## Problem details
Below is a listing with pictures. Repeat exactly the lines starting at the one holding "neck in burgundy" and going on through the one holding "1989 Peinture Acrylique", and leave every picture out.

## Task material
'''
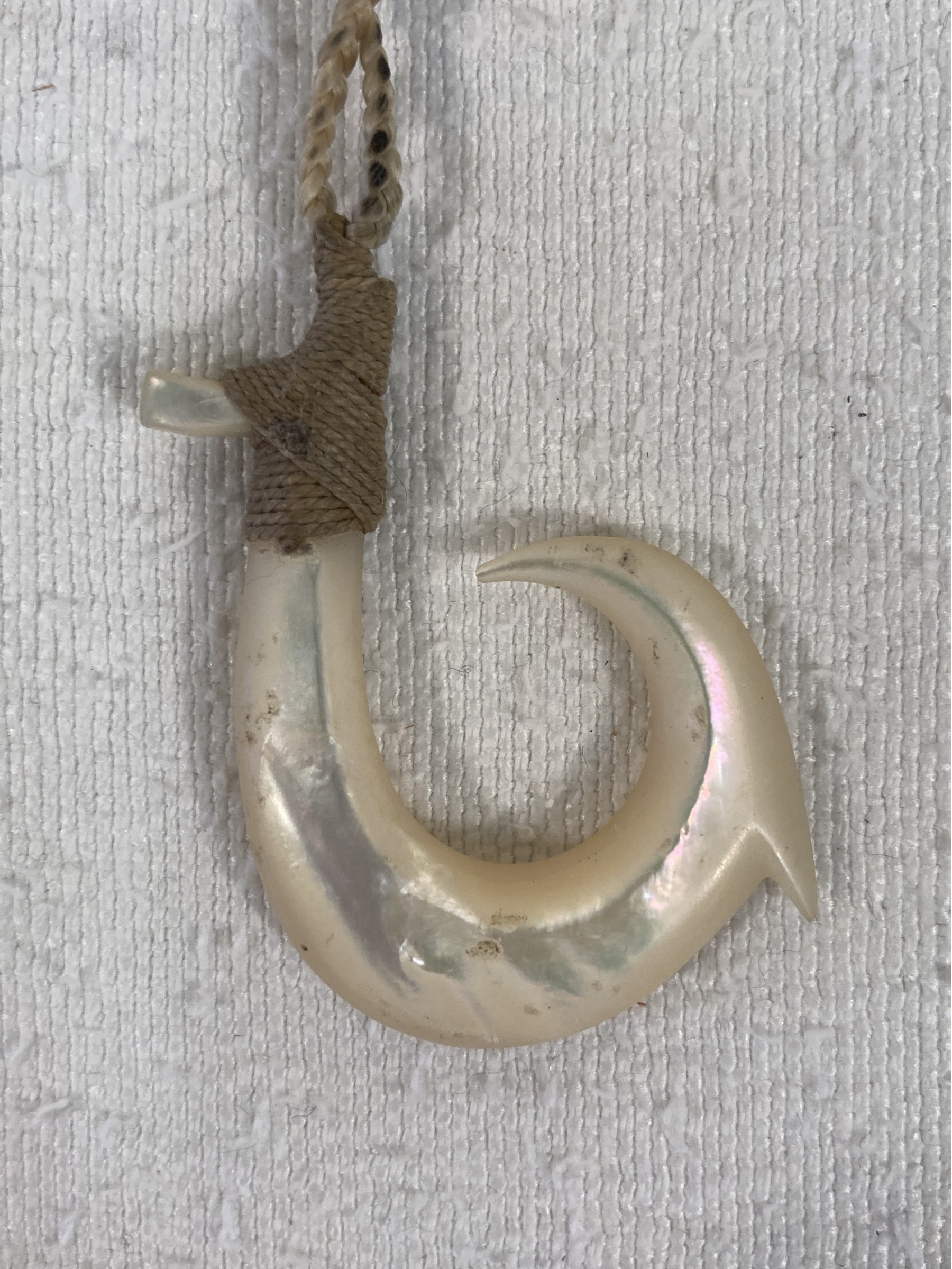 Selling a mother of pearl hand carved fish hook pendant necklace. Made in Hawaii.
'''
'''
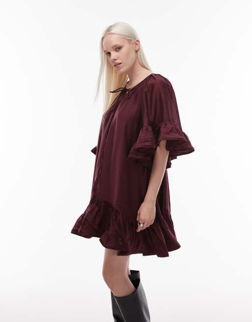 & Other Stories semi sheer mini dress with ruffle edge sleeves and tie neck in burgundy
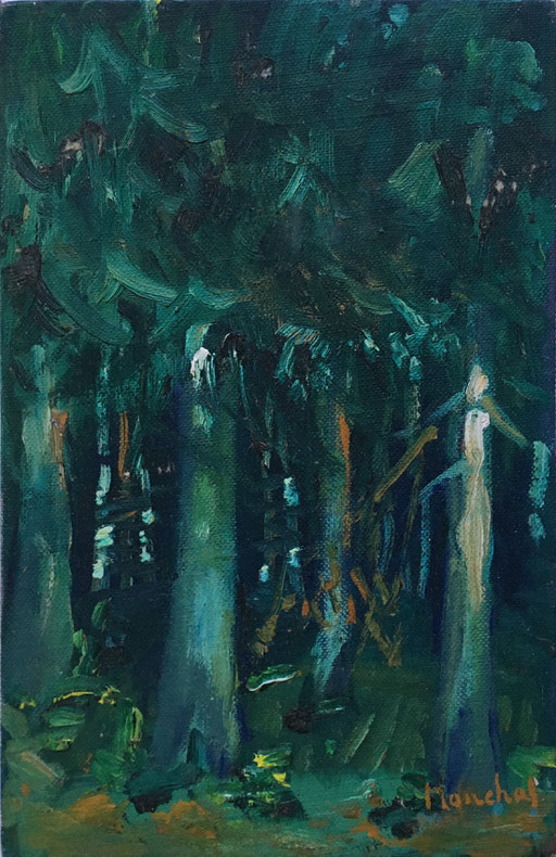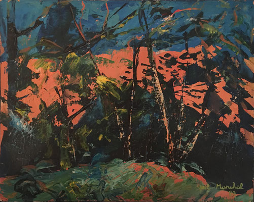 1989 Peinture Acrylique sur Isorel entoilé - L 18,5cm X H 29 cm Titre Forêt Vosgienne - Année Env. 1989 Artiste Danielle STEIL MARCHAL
'''
## Completed exercise
 & Other Stories semi sheer mini dress with ruffle edge sleeves and tie neck in burgundy
 1989 Peinture Acrylique sur Isorel entoilé - L 18,5cm X H 29 cm Titre Forêt Vosgienne - Année Env. 1989 Artiste Danielle STEIL MARCHAL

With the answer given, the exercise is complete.